It has been previously shown that adrenal adenomas are associated with a variety of metabolic disturbances like glucose intolerance and obesity. The aim of this study is to demonstrate the risk of non-alcoholic fatty liver disease development in subjects with adrenal incidentalomas.
Among 302 subjects referred between 2001 and 2008 for the evaluation of incidentally discovered adrenal mass, 150 subjects with appropriate data were included. Computed tomography (CT) was the initial radiological intervention. Initial hormonal evaluation included 1 mg or 2 day 2 mg dexamethasone suppression test, urinary free cortisol (UFC), 0800 a.m. ACTH and DHEAS levels. In subjects with elevated post DST cortisol (>1.8 mcg/dl), elevated UFC (>110 mcg/day), and suppressed ACTH and DHEAS levels, midnight cortisol was evaluated (normal < 7.5 mcg/dl). Urinary catecholamine excretion and aldosterone/renin ratio were also measured. Hepatosteatosis was evaluated with liver ultrasonography and or magnetic resonance imaging. ALT, AST and GGT were also measured.

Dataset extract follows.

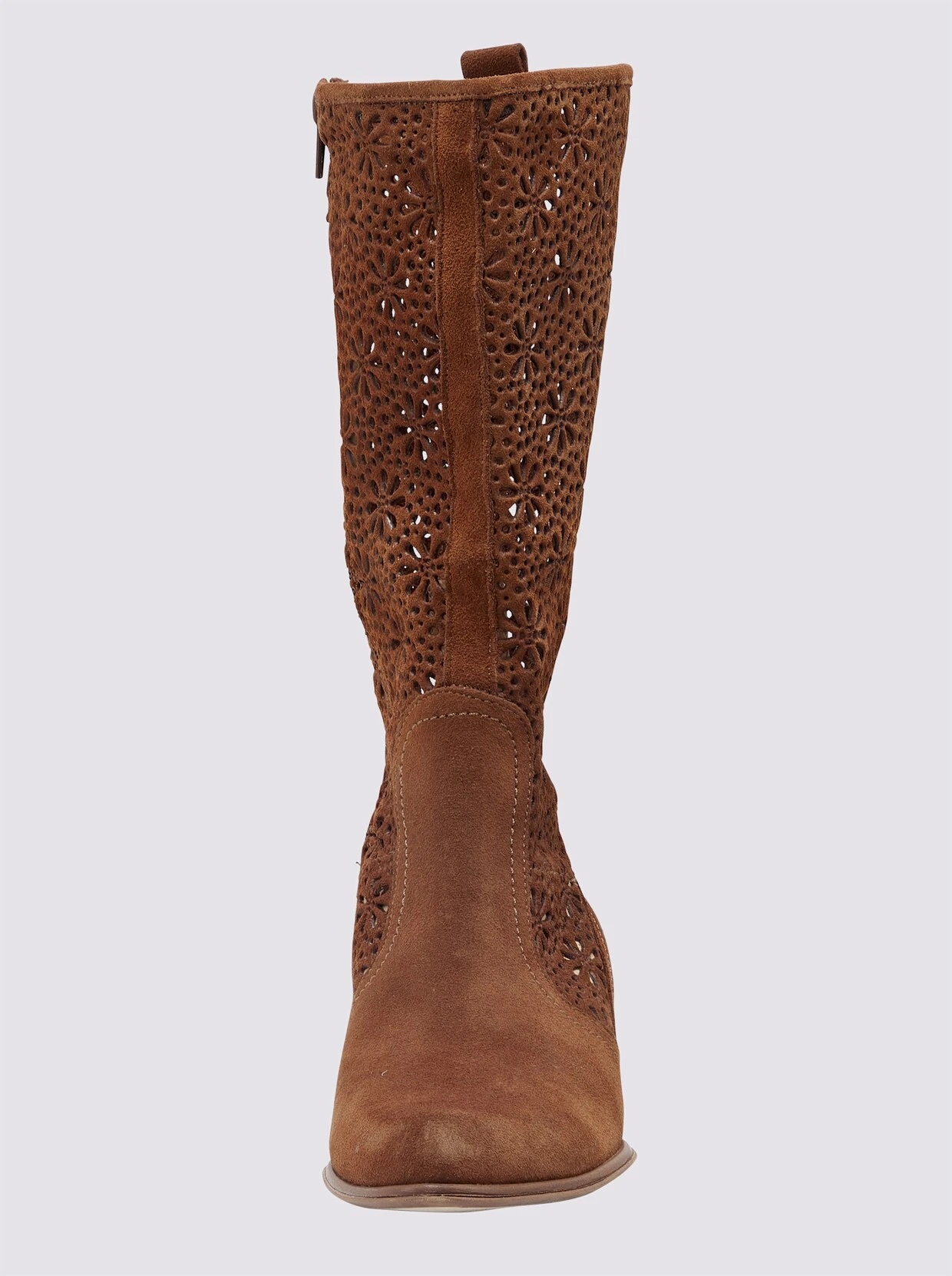 Stiefel Made in Spain. Die perfekte Wahl für warme Tage! Verspielte Cut-Outs in Blumen-Dessin und seitlicher Reißverschluss. Aus softem Rind-Veloursleder. Futter und Innensohle: Leder. Schaft-H/W ca. 31/35 cm. Mit stylischem Cowboyabsatz: Höhe ca. 30 mm.

There were 101 subjects with non-functioning adrenal adenomas, 40 subjects with functioning adrenal adenomas (Cushing or subclinical Cushing syndrome) and nine subjects with myelolipomas. The rate of non-alcoholic liver disease among these groups was 25.7, 22.7 and 11% respectively. After a median follow up duration of 22.5 months in a subgroup generated from study participants (n=35) without non-alcoholic fatty liver disease, we showed that 9% of subjects with non-functioning adenomas but 17% of subjects with sub clinical Cushing syndrome developed non-alcoholic liver disease.
Non-alcoholic liver disease, which is an important manifestation of insulin resistance is significantly associated with adrenal cortical adenomas rather than extra-cortical masses such as myelolipomas. The risk of developing non-alcoholic fatty liver disease is related with cortisol autonomy.